ST. PAUL - A public works bill appears headed to legislative passage that spends far more than Gov. Tim Pawlenty wants and leaves out some key provisions, including an $89 million sex offender treatment center expansion.

ST. PAUL - A public works bill appears headed to legislative passage that spends far more than Gov. Tim Pawlenty wants and leaves out some key provisions, including an $89 million sex offender treatment center expansion.

The nearly $1 billion bill, funded by the state selling bonds, is not acceptable to Pawlenty, his spokesman said today. However, Brian McClung refused to say if Pawlenty would veto the entire bill or erase enough projects to make the bill's size acceptable.

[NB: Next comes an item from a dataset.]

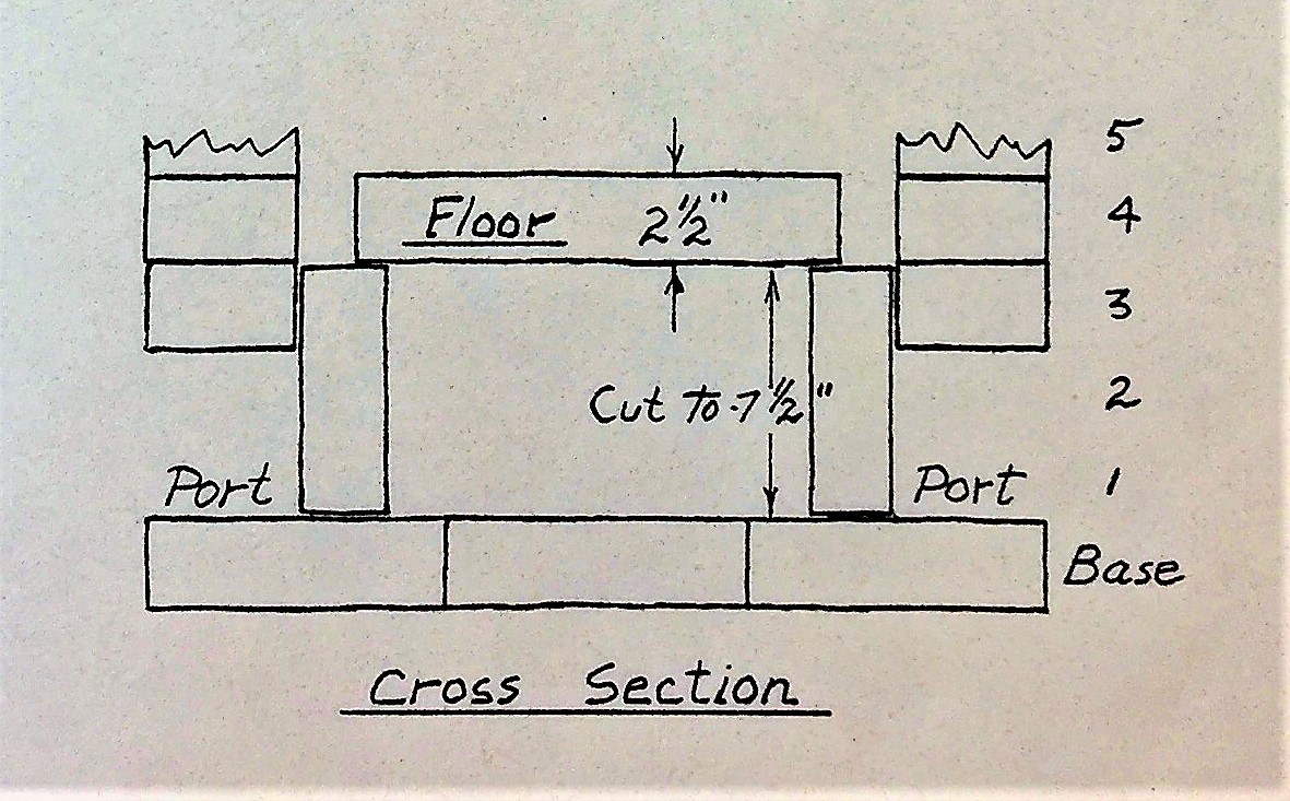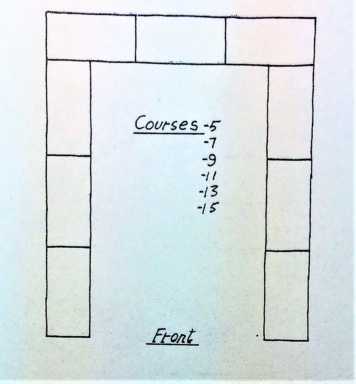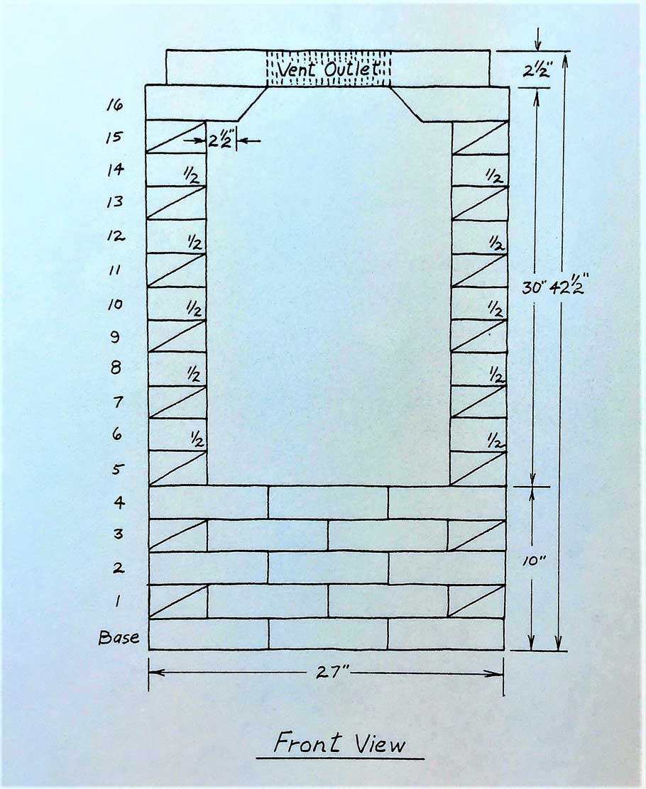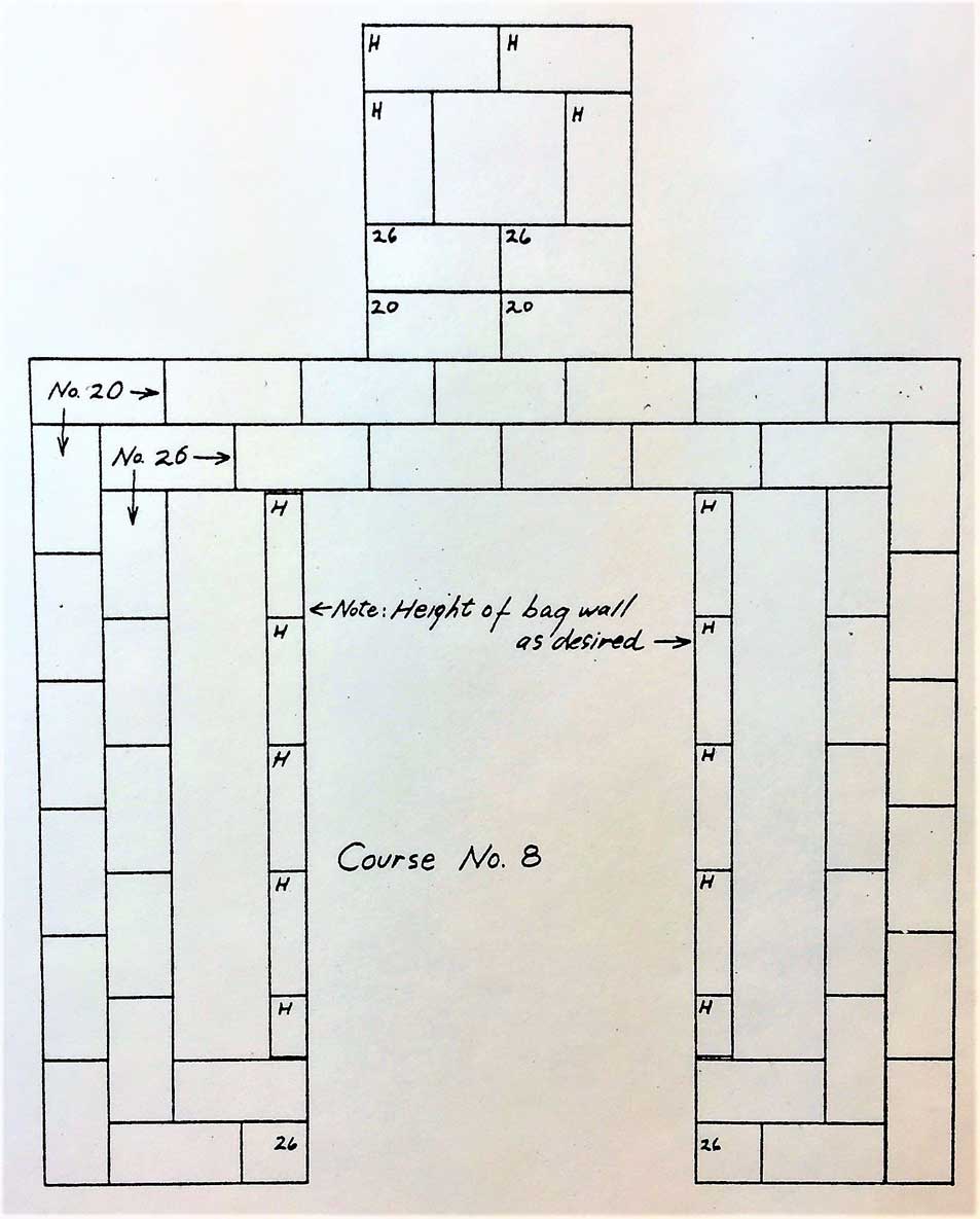Despite all the foregoing, the simplest means is to decide on the number of burners from Figure 7 and build the ports a half brick wide (4 ½") by 2 courses high (5") and then later with insulating brick, reduce them to the desired size.

McClung complained that the measure has funds for sports projects, such as ones in Moorhead and Rochester, and trails across the state, but not for public safety needs such as the Moose Lake sex offender treatment center and improving security around the state's highest-security prison at Oak Park Heights.

The conference committee wrapped up bonding bill work this morning, with House and Senate votes expected tonight. Democratic leaders, who control the Legislature, promised to pass the bill this month.

Instead of the Moose Lake funding, the final bill includes a provision that would order an extensive study about the need for more facilities and, more basically, whether existing sex offender laws should be changed.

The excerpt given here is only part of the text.